Articles - TikTok and pensions the channel you did not know you needed


Last year Ofcom reported that, for the first time, Instagram was the most popular news source among young people in Great Britain. 29% of teens used it as a news source which is an extremely high proportion of that age group. Furthermore, the number of people consuming news content on TikTok – a Chinese-owned social media channel – increased from 800,000 in 2020 to 3.9 million in 2022. And there’s no sign of that growth slowing.

 By David Millar, Head of Communications at LCP

 Why is this a pensions communications issue? At risk of drawing upon stereotypes too strongly, consider the average pension trustee board. These are the people who make decisions about what communication should be given to members and the various channels that should be used. Habits are hard to break – if you’ve always done annual presentations and a newsletter, you’ll probably always do annual presentations and a newsletter. But should you? If your membership includes younger as well as older members, there’s an argument to be made to review the media you’re using very regularly. And to consider if the board’s personal experience is the best place to decide on the kinds of media that should be used. If your board represents a diverse cross-section of the audience, this may not be an issue. But with the challenge of recruiting trustees, diversity is often a problem.

 “But David”, I hear you cry, “why does TikTok matter to me? I’m never going to use it as a communication channel and it contains no pensions information.” Well, that’s where you’d be wrong.

 Pensions has come to TikTok. But not perhaps in the way we’d want it to. It’s not a channel that trustees use and isn’t one that the big providers are using yet for pensions comms – and there’s good reason for that. But that doesn’t mean no one is talking pensions on that channel. They are – but perhaps not with the messages you might want to see. ‘Why pensions are a lie’ is a short TikTok video explaining why company pensions are a terrible investment for the young, including the alarming news that - and I summarise broadly here - if you retire in your mid sixties you’ll be too old to enjoy the money you’ve saved and as you’ll like be dead in five years anyway why not spend it now while you’re young enough to enjoy it? And that video isn’t alone. There are several others from ‘advisers’ who seem intent upon casting aspersions on company pension schemes, perhaps with a view to ‘helping’ members to transfer to other investments.

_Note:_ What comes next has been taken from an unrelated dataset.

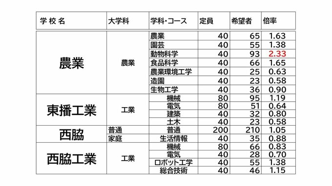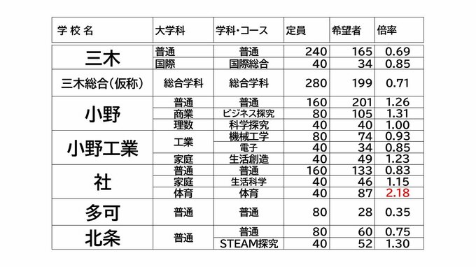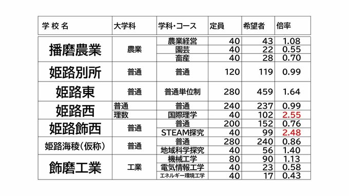 兵庫県公立高校入試2025 御影(文理探究)4.05倍 神戸(理数)2.58倍 市立西宮(理数)2.35倍【高校受験12月発表・令和7年度進学希望動向調査】 毎日放送 2024年12月6日(金) 09:27 国内 姫路西高校は2.55倍 社高校(体育)は2.18倍 姫路西高校の理数には102人が希望し、2.55倍。社高校の体育には定員40人に87人が希望し、2.18倍となっています。

 Would anyone fall for a video on TikTok? No. At least, I doubt it. In isolation.

 But no communication is in isolation. We bring with us our experiences and biases and apply that to what we hear and learn. And that’s the concern – if you engage with a short, compelling video that offers you an enticing option at a time when you are open to this suggestion, it just might start to influence you. And social media is all about influencers.

 The good news is that ‘influencing’ isn’t just something that is reserved for those who use social media – trustees, employers, governance groups and pensions managers can all influence too. The ‘brand’ of the pension scheme, the corporate sponsor or even the well-regarded face of HR all have power that can be used to influence employees and members to develop good habits, continue saving, read future communications and understand their pension benefits at least well enough to protect themselves from scams. How? By communicating effectively, which probably means little and often, in different ways to different parts of the audience and using different channels to reach different personalities.

 Three top tips to take away:
 Don’t stop communicating. There’s always something to say and if you aren’t talking pensions, someone else is (and you might not like what they are saying).

 Work out your key message and say it clearly and often. Repeat it across all media and channels. Ask the question ‘what one thing do I want people to know’ and focus on that.

 Use multiple channels and vary your tone-of-voice to suit. Long-form content tends to be slightly more formal, whereas you have more permission to be light-hearted in a blog or a short social media post. Different people will engage with different content so try to reach them all.